_Input data_

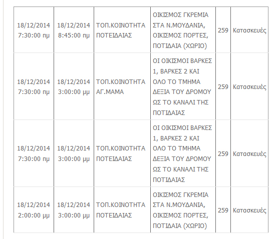 Διακοπές στην ηλεκτροδότηση, λόγω εργασιών, σημειώνονται από τις 07.30 το πρωί σε διάφορες περιοχές της Χαλκιδικής.
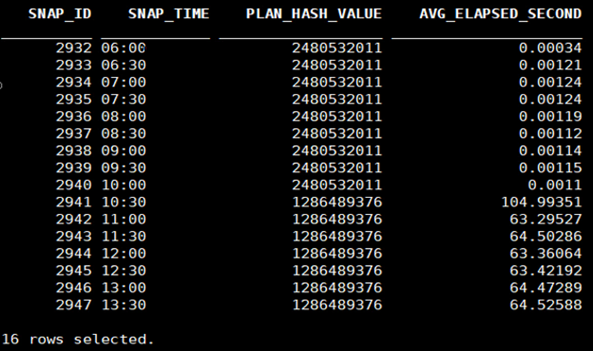 用户反馈数据库变慢,AWR定位相关SQL在10:30的快照中执行计划发生了变化。
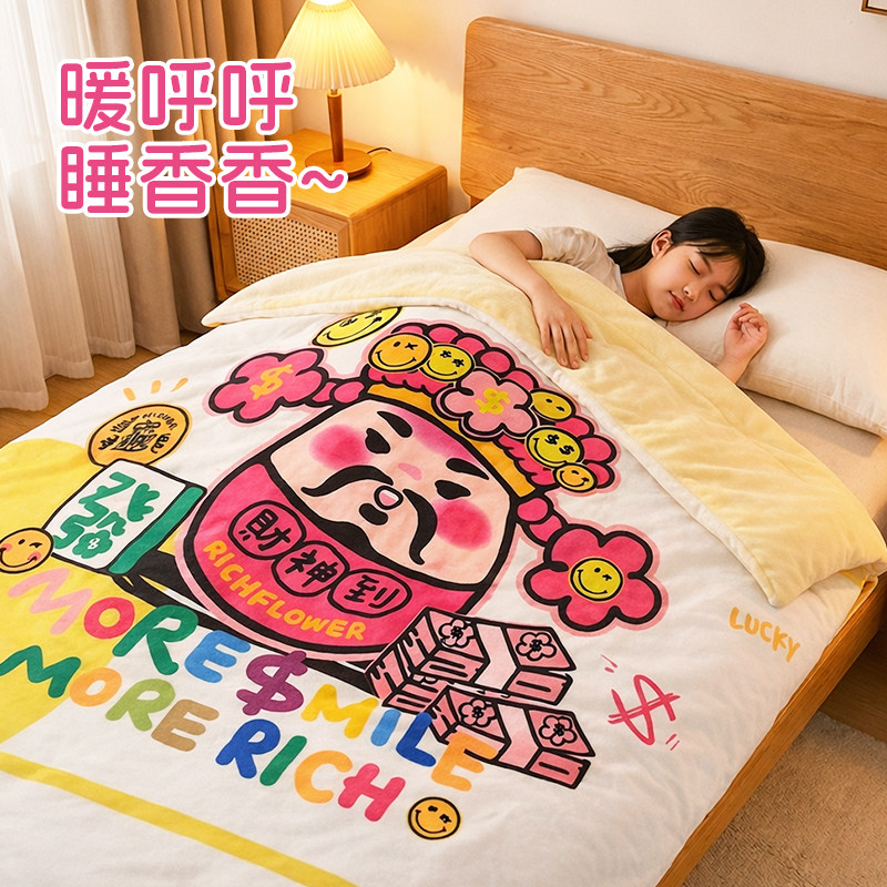 天猫有钱花×法国SmileyWorld盖毯婴幼儿童毛毯宝宝保暖加绒小毯子a类

_What to do_
With the pictures left out, return all the material above exactly.

_Response to the exercise_
 Διακοπές στην ηλεκτροδότηση, λόγω εργασιών, σημειώνονται από τις 07.30 το πρωί σε διάφορες περιοχές της Χαλκιδικής.
 用户反馈数据库变慢,AWR定位相关SQL在10:30的快照中执行计划发生了变化。
 天猫有钱花×法国SmileyWorld盖毯婴幼儿童毛毯宝宝保暖加绒小毯子a类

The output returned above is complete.